The idea of covenant as a distinctive form of commitment can be found in many forms of charismatic community.39 It might best be cogently described as a formal commitment sealed by a vow to indicate dedication to the community and an oath to participate in a distinct lifestyle and mission. The Jesus Fellowship places considerable stress on the covenant bond. Covenant comes in various forms: either to communal life or to one of the other forms of membership, and, if chosen, to celibacy.

Baptism for the new convert is followed by the option of making covenant – a choice also open to those Christians long-standing in the faith. Many prefer, at first, to consider this option after nominal membership. Covenant ratifies the close commitment to the fellowship and brotherhood which might already be experienced in community living. The metaphor of marriage is often used in teaching about the nature of covenant. Making covenant signifies commitment to the community. The intention is that this commitment is for life and is meant to express the social relationships that derive from being “born again” into a new family as sons and daughters of God. Members of the Jesus Fellowship who give an oath of covenant pledge to keep the following sevenfold commitment: 1) uphold the pure biblical faith, 2) be loyal to the brotherhood of the church, 3) consecrate their whole being in service to God, 4) love each other in social equality, simplicity and righteousness, 5) accept suffering for Christ’s sake and face opposition without retaliation, 6) accept wisdom and help from other members of the church with mutual correction, confession of faults, forgiveness and reconciliation, and 7) unite with each other in full bond of unity in Christ with an intention that this should be the life-long pledge.40

Such covenant exists for those who want to live the Christian faith in a communal setting and who are dedicated to a total discipleship. However, today only a third of the Jesus Fellowship’s 2,500 adherents actually now do. It is apparent that the church has come to recognize that not all members find it appropriate to respond in the same way, so it provides four different styles of covenant membership, which entail different levels of commitment. Style 1 covenant members have been baptized, have undertaken covenant, and live in their own home. They have their own jobs and participate in various non-church as well as church activities. Style 2 covenant members resemble style 1, except they enter into a closer identification with the Jesus Fellowship “kingdom” culture in terms of time, finances and services. They possess their own homes but retain a life-style of simplicity, discipleship and sharing. Style 3 covenant members live in NCCC households, sharing all wealth, possessions and income. Style 4 covenant members resemble style 1 except that they live at a distance from a congregation and cannot regularly participate in meetings.41

Celibacy is a distinct form of covenant. In fact, the Jesus Fellowship is the only “New church” stream in Britain that advocates and practices celibacy for those felt called to it. A prospective celibate must be over 21 years old and initially enters a probationary year before undertaking the commitment, which is assumed to be for life. The decision is sealed with a vow and is taken as seriously as the ordinances of a monastic order.

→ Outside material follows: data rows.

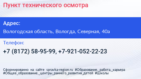 Пункт технического осмотра по адресу Вологодская область, Вологда, Северная, 40а в дальнейшем Организация, размещена в следующих категориях:
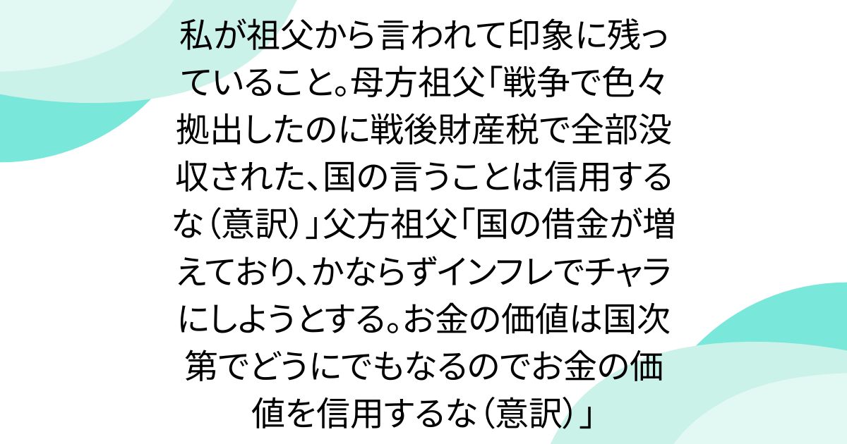 私が祖父から言われて印象に残っていること。母方祖父「戦争で色々拠出したのに戦後財産税で全部没収された、国の言うことは信用するな(意訳)」父方祖父「国の借金が増えており、かならずインフレでチャラにしようとする。お金の価値は国次第でどうにでもなるのでお金の価値を信用するな(意訳)」
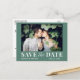 Modern Trendy Save The Date Photo Postcard with block script and calligraphy script combination. Eucalyptus Green
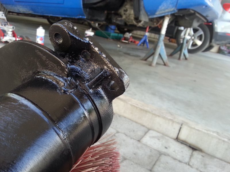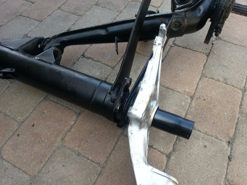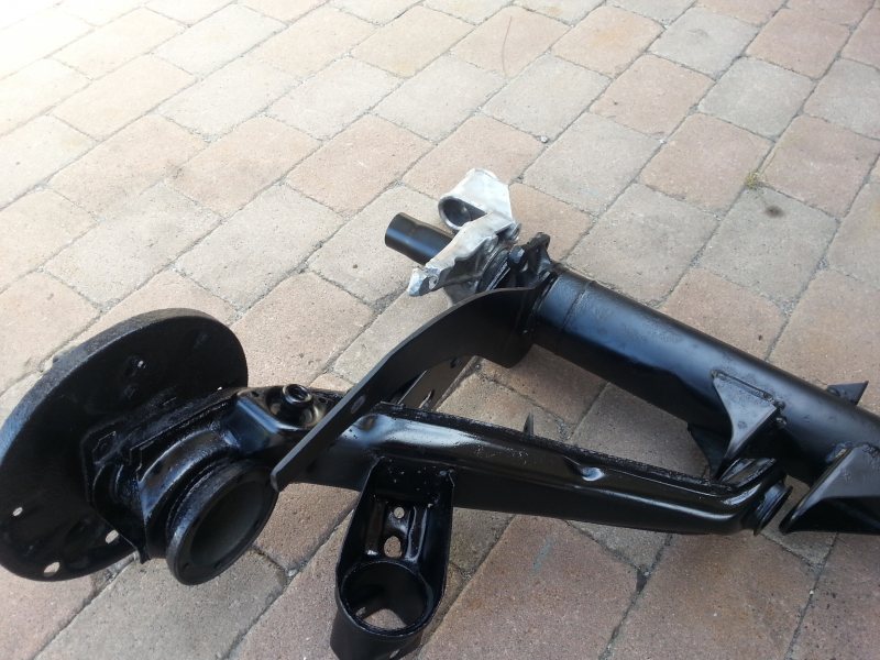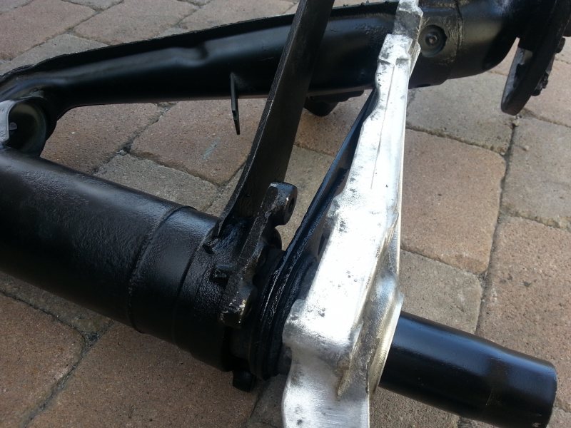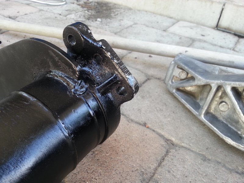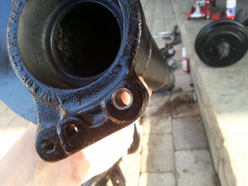 Hej och hå. Det går framåt. Väntar bara på bussningar och stötdämpare så kan jag börja montera bak igen. Eller sa jag "bara bussningar"? Måste fixa annat också som jag fick problem med när jag tog isär allt. Hur ska jag enklast fixa gänga här igen? Det finns ju plats bakom för att svetsa på en mutter och sedan ha en längre bult, men lika bra att få en vanlig gänga istället nu när det är så lätt att komma åt. Hålet är 10mm och det ska vara M10. Ska jag fylla igen hålet, köpa http://www.jula.se/gangreparationsse
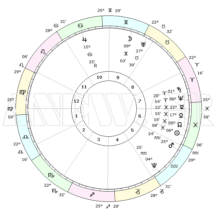| | ΘΕΣΕΙΣ ΠΛΑΝΗΤΩΝ ΑΣΤΡΟΛΟΓΙΚΟΥ ΧΑΡΤΗ ΤΗΣ ΣΤΙΓΜΗΣ ΑΥΤΗΣ | | | | Πλανήτης | Ζώδιο | Μοίρες | Δεκαήμ. | Σε οίκο | Απόκλιση | | Ακμές των οίκων | | Ηλιος | Ιχθείς | 06°04' | Πρώτο | 6 | 09 S 17 | | 1ος | 06°11' | Παρθένος | | Σελήνη | Δίδυμοι | 08°05' | Πρώτο | 10 | 26 N 52 | | 2ος | 00°41' | Ζυγός | | Ερμής | Ιχθείς | 22°21' | Τρίτο | 7 | 00 S 48 | | 3ος | 29°52' | Ζυγός | | Αφροδίτη | Ιχθείς | 17°50' | Δεύτερο | 7 | 06 S 07 | | 4ος | 02°49' | Τοξότης | | Αρης | Υδροχόος | 25°21' | Τρίτο | 6 | 14 S 06 | | 5ος | 06°37' | Αιγόκερως | | Δίας | Καρκίνος | 15°26'R | Δεύτερο | 11 | 22 N 53 | | 6ος | 08°08' | Υδροχόος | | Κρόνος | Κριός | 01°20' | Πρώτο | 8 | 01 S 26 | | 7ος | 06°11' | Ιχθείς | | Ουρανός | Ταύρος | 27°39' | Τρίτο | 9 | 19 N 27 | | 8ος | 00°41' | Κριός | | Ποσειδώνας | Κριός | 00°54' | Πρώτο | 8 | 00 S 51 | | 9ος | 29°52' | Κριός | | Πλούτωνας | Υδροχόος | 04°25' | Πρώτο | 5 | 22 S 54 | | 10ος | 02°49' | Δίδυμοι | | Β. Δεσμός | Ιχθείς | 09°16' | Πρώτο | 7 | 08 S 05 | | 11ος | 06°37' | Καρκίνος | | Ωροσκόπος | Παρθένος | 06°11' | Πρώτο | | | 12ος | 08°08' | Λέων | | Μεσουράνημα | Δίδυμοι | 02°49' | Πρώτο | | | |
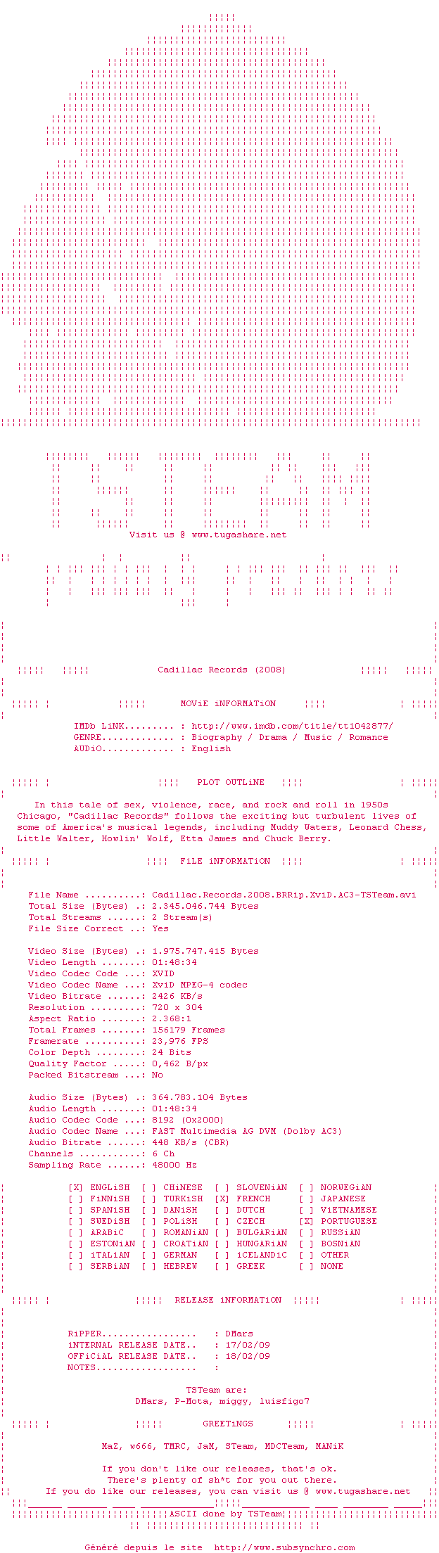 Cadillac.Records.2008.BRRip.XviD.AC3-TSTeam.sharethefiles.com.srt Ajouté par Ultimhate Ajoute le 17-08-2010 02:09:55 Format : SRT Italique : Non Taille : 0.00Ko Telechargement : 77 Ajouter cette release à ma collection en cas de telechargement des sous-titres 0 0 0 Telecharger le ZiP contenant NFO, Affiche, Sous-titre (*.srt) Commentez le fichier Cadillac.Records.2008.BRRip.XviD.AC3-TSTeam.sharethefiles.com.srt Commentez le fichier Cadillac.Records.2008.BRRip.XviD.AC3-TSTeam.sharethefiles.com.srt Commentez ce fichier Le fichier 138-1282003825.srt n'existe pas ! Telechargez le RSS « Fichier de la release Cadillac.Records.2008.BRRip.XviD.AC3-TSTeam » Retour au film « Cadillac Records »

The formal justification for celibacy is biblical, and is based upon the Pauline injunction that the single life allows more dedication to Christ. It follows that the celibate has no other distractions, allowing a greater dedication to evangelism and freeing a member for ministry particularly in the unsocial hours that the Jesus Army campaigning requires, that is, evening missions in inner-city areas. For the Jesus Fellowship, celibacy is “a gift of God for the church, enabling men and women to live undiluted and undistracted lives for Him.”42 Celibacy however, is not seen as superior to marriage. Both are regarded as high callings. Neither does celibacy constitute a form of segregation. Although celibates have their own meeting for moral support, in the community context, couples and celibates live side by side.

Kingdom Economics

In many ways the NCCC is self-sufficient. A community distribution center at one of the larger properties just outside of Northampton has been functioning for several years by way of providing the food, clothing and other basic daily needs of the numerous households through national transportation and distribution network. Goods are initially bought wholesale, and then distributed to each house as the weekly order is sent in, even though local supermarket supplies might be cheaper and of a better quality. In addition, the Jesus Fellowship has its own medical, legal and architectural-design practices, inasmuch as they are staffed by members of the community in their professions, but not literally owned by the fellowship.43 Such attempt at self-sufficiency is forged by the theological imperative to be removed from the secular world and devised to encourage members into a new way of living which welds together every area of life. This self-sufficient way of life includes the economic aspects of community life as well. Indeed, one of the striking features of the Jesus Fellowship is its economic organization.

In line with the basic theology, all members are deemed as equal in an economic sense. As we have noted, there is little by way of private property for those who live in community. At a time when even religious life has been increasingly influenced by the dominant cultural ideology of materialism and worldly success,44 the Jesus Fellowship has eschewed worldly belongings and seek what is perceived as a simple and more ethical form of economic life. It is not surprising, therefore, that the “prosperity doctrine,” espoused by many Faith ministries originating in the USA, is singled out for particular ridicule. Wealth is not perceived as a blessing, particularly for the individual, and an official publication states that “the love of money brings selfishness in human hearts.”45 As far as the fellowship is concerned “wealth for Jesus” means to the benefit of the Christian community. As mentioned above, the wealth deposited in the common purse includes members incomes and salaries. Approximately half of this wealth is used for the needs of the community itself and to fund evangelizing endeavor. The other half is re-invested in the fellowship’s businesses or in paying off bank loan’s for new business ventures.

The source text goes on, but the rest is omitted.